Miss Diva
- Predecessor: I Am She - Miss Universe India (2010 – 2012); Femina Miss India (1964 – 2009);
- Successor: Miss Universe India
- Formation: 2013; 13 years ago
- Headquarters: Mumbai
- Location: India;
- Official language: English
- Parent organization: Worldwide Media Pvt. Ltd.
- Affiliations: Miss Universe; (2013 – 2023); Miss Supranational; Miss Cosmo;

= Miss Diva =

National beauty pageant competition in India

The Miss Diva is a national beauty pageant in India that primarily selects India's representatives to Miss Supranational and Miss Cosmo.

From 2013 to 2023, the primary winner of Miss Diva represented India at Miss Universe, one of the big Four international beauty pageants. However, in 2024, the organization withdrew its Miss Universe license. Miss Diva Universe 2023 Shweta Sharda, was the last representative sent to Miss Universe 2023 by the Miss Diva organization.

==History==
Number of wins under Miss Diva
| Pageant | Wins |
| Miss Supranational | 2 |
| Miss Cosmo | 0 |
| Miss Universe | 1 |
| Miss Asia Pacific World | 1 |
| Miss Earth | 0 |
| Miss International | 0 |
Following the transfer of the Miss Universe franchise by the Miss Universe Organization to Bennett, Coleman and Co., a distinct Miss Diva pageant was established to select India's representatives for Miss Universe. Previously, Femina Miss India designated its winner to compete at Miss Universe. However, in 2010, Tantra Entertainment Private Limited, in partnership with former Miss Universe and renowned Bollywood actress Sushmita Sen, launched a separate pageant, I Am She-Miss Universe India, to send Indian delegates to Miss Universe.

Following 2012, Sushmita Sen and Tantra Entertainment relinquished the Miss Universe license, prompting the Femina Miss India Organization to assume rights for Miss Diva 2013.

The inaugural Miss Diva pageant took place on 5 September 2013, in Mumbai. Fourteen finalists, meticulously selected from across the nation, vied for the coveted crown at the grand finale. Manasi Moghe, hailing from Mumbai, was declared the first-ever "Miss Diva Universe 2013" by the esteemed Zeenat Aman, Miss Asia Pacific 1970, and a renowned Bollywood actress. Gurleen Grewal, representing Punjab, was crowned "Miss Diva International 2013" by Sahar Biniaz, Miss Universe Canada 2012. Finally, Srishti Rana from Faridabad received the title of "Miss Diva Asia Pacific World 2013" from Bollywood's celebrated actress, Raveena Tandon.

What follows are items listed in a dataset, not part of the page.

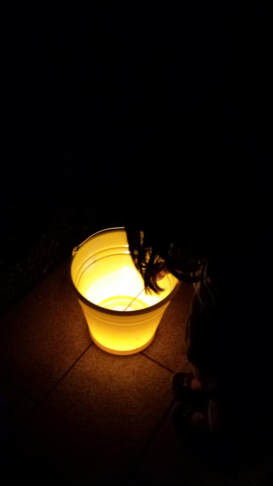 バケツの中にろうそくをたてて。
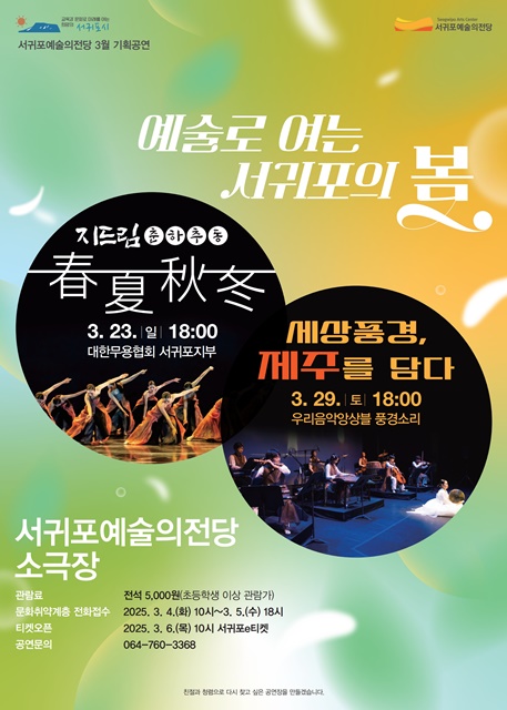 서귀포예술의전당은 봄을 맞아 제주의 자연과 삶을 담은 한국무용과 국악 공연을 선보인다. 서귀포 지역 예술인들의 자긍심을 높이고 창작 지원에 초점을 맞춘 이번 무대는 23일과 29일 두 차례에 걸쳐 진행된다.
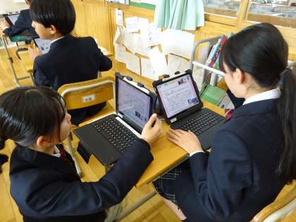 国語科「おすすめパンフレットを作ろう」の学習で、パンフレット作りをしています。グループに分かれて、読む人を引き付けられるよう工夫しながら文章を書いています。書いた文章は、グループのみんなで推敲しています。完成が楽しみです。
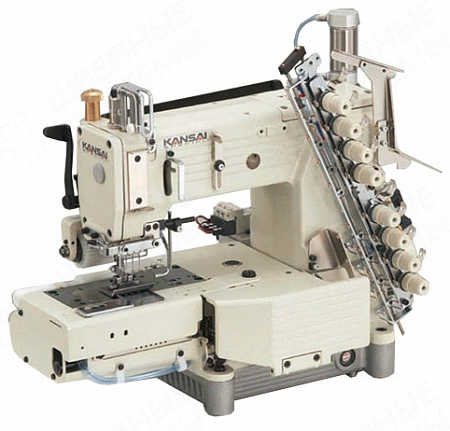 Шестиигольная машина двойного цепного стежка с цилиндрической платформой для притачивания резинки, с пуллером, с пневматической обрезкой нити и подъемом лапки.
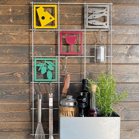 Rostiga odlingslådor i corten. Enkel upphängning i armeringsnät.
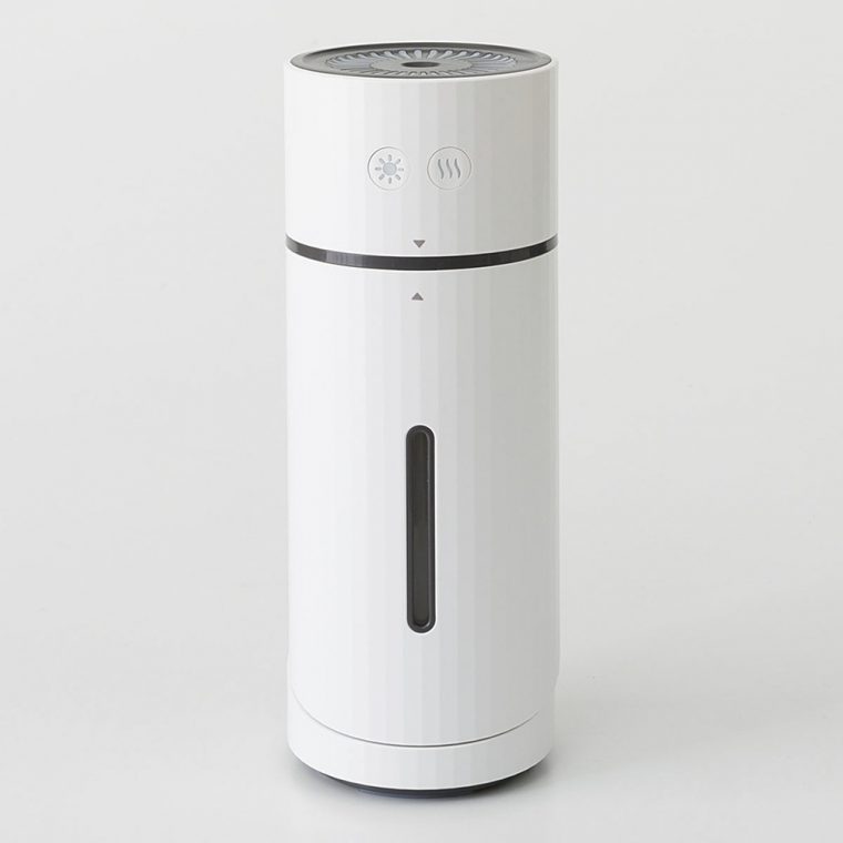 職場のデスクや自宅のベッドサイドなど、パーソナルに使えるコンパクトな加湿器。角度を変えて必要な場所だけ加湿することができます。充電式なので持ち運んで使用可能。明るさを調整できるLEDライトを搭載しており、ナイトライトとしても使えます。
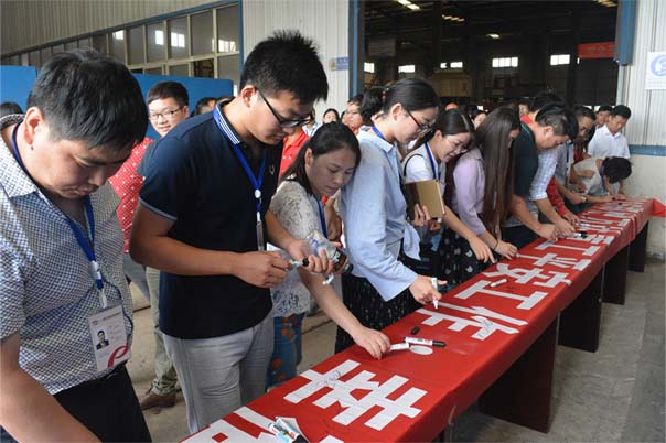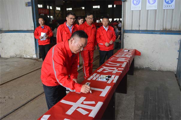 會后,公司領(lǐng)導(dǎo)及全體員工在“2016鄭州萬達(dá)重工平安工作•幸福生活”安全條幅上簽字留念。
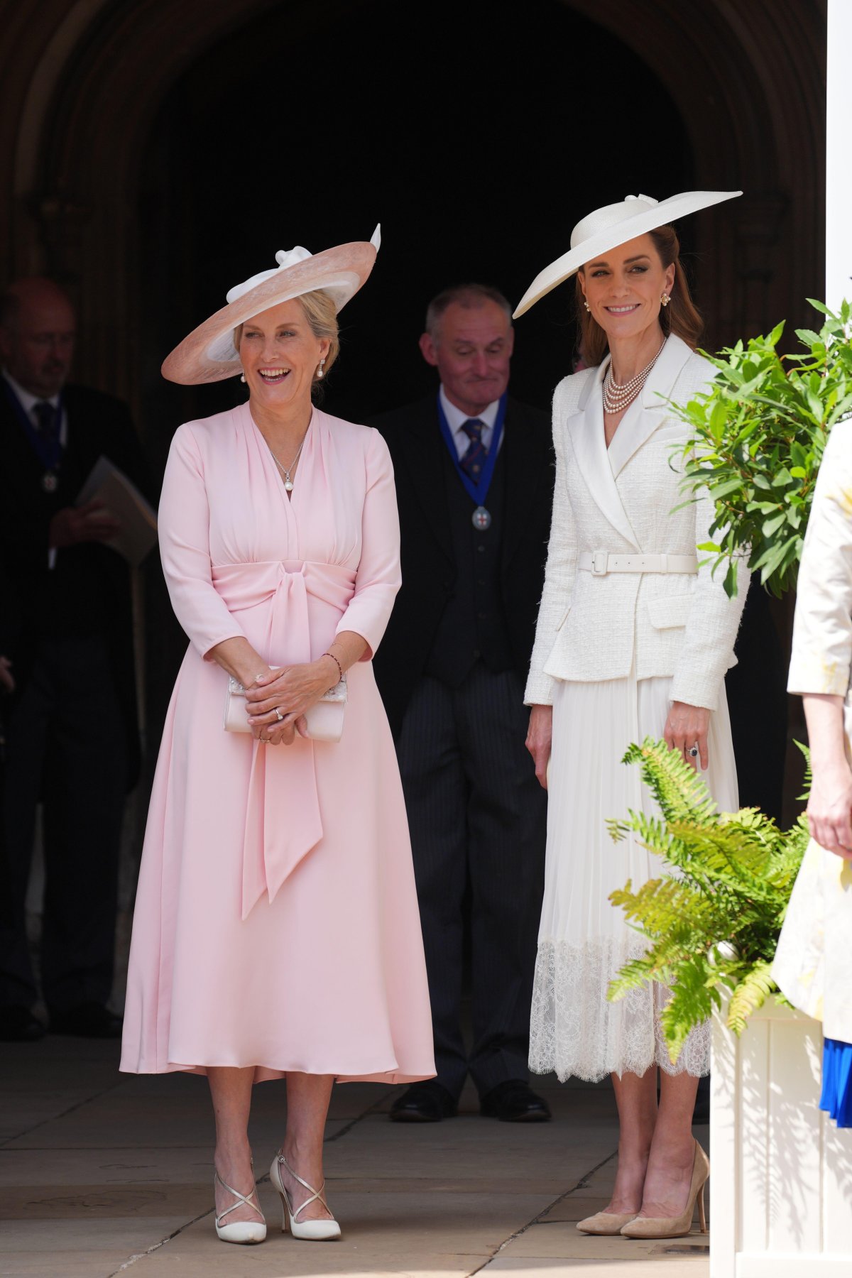 Members of the royal family who have not received the Order of the Garter waited for their spouses on the Galilee Porch ahead of the service. The Princess of Wales was elegant in a white ensemble from Self Portrait and a coordinating Sean Barrett hat for the service, while the Duchess of Edinburgh wore a favorite ’40s-inspired pink dress from Suzannah with a Jane Taylor hat.

In 2019, Liva Fluid Fashion secured the sponsorship rights for the Miss Diva pageant. The inaugural edition under their patronage was scheduled for 2020. As there was no pageant held in 2019, the Miss India Organization appointed Indian representatives for international competitions. Vartika Singh and Shefali Sood were selected to compete in Miss Universe 2019 and Miss Supranational 2019, respectively.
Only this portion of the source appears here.